Simon FoxNewspaper publisher Reach has combined its two sales teams into one national group after the government gave the green light to its takeover of Northern & Shell.

The publisher’s forerunner Trinity Mirror purchased Richard Desmond’s group, which included the Daily Express and Daily Star, for £127m in February.

Culture and Media Secretary Matt Hancock ruled last week the deal required no further investigation by the Competition and Markets Authority, and Reach has now announced the merger of the two groups’ sales operation.

The united team will be headed up by Reach’s chief revenue officer Andy Atkinson, who has been with the company since 2014.

According to Reach, Northern & Shell commercial director Toby Morris has “decided that this is an appropriate moment for him to leave the group and seek new opportunities”.

Simon Fox, pictured, chief executive of Reach plc, said, “Toby has done an outstanding job leading the Northern & Shell commercial team over the past three years, and he has built a sales team who are highly respected across the market.

“I would like to thank Toby for everything he has done and he departs with our very best wishes for the future.”

Andy added: “The newly combined sales team will give advertisers access to over 45 million people in the UK a month.

“As well as this valuable scale the portfolio represents diversity via nine politically and culturally different national newsbrands, the opportunity to reach people in the most trusted media environment via our 140 regional newspapers, and brand safety via our network of 60 professionally produced websites.”

* Like-for-like revenues at Reach fell by 8pc in the first half the year according to a trading update issued ahead of its interim results next month.

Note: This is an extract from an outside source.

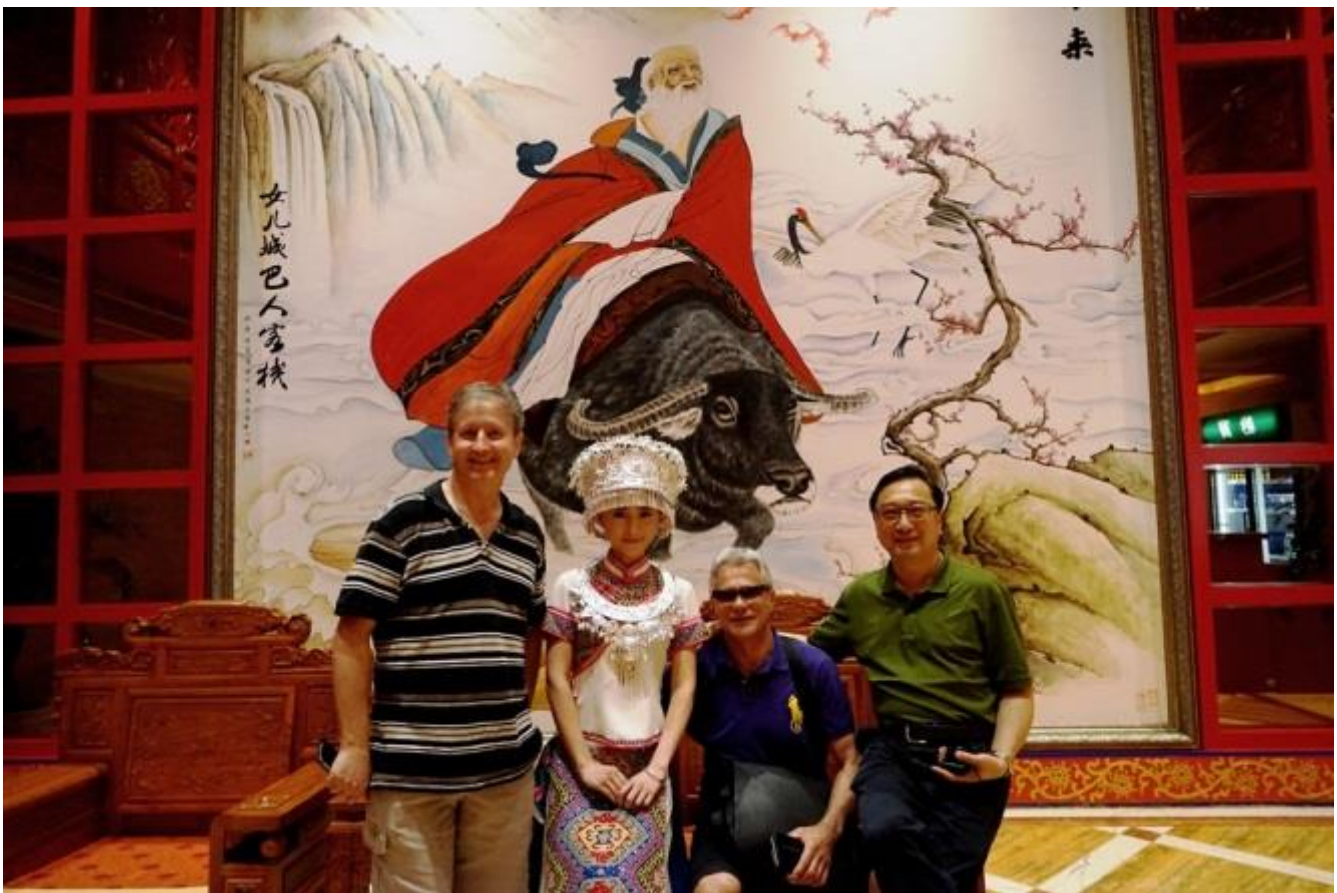
Admire the costume and pretty girl of Enshi Tujia and Miao minority

While overall revenue is expected to grow by 11pc during the period due to the Northern & Shell acquisition, revenues declined by 8pc once the Express and Star titles are excluded from the calculation.

Publishing revenue is expected to fall by 8pc with print down 10pc and digital up 1pc.

Digital display and transactional revenue is expected to grow by 7pc, but classified advertising, which is predominantly upsold from print, expected to fall by 19pc.

Mr Fox commented: “We have seen some improvement in May and June driven by stronger national print advertising.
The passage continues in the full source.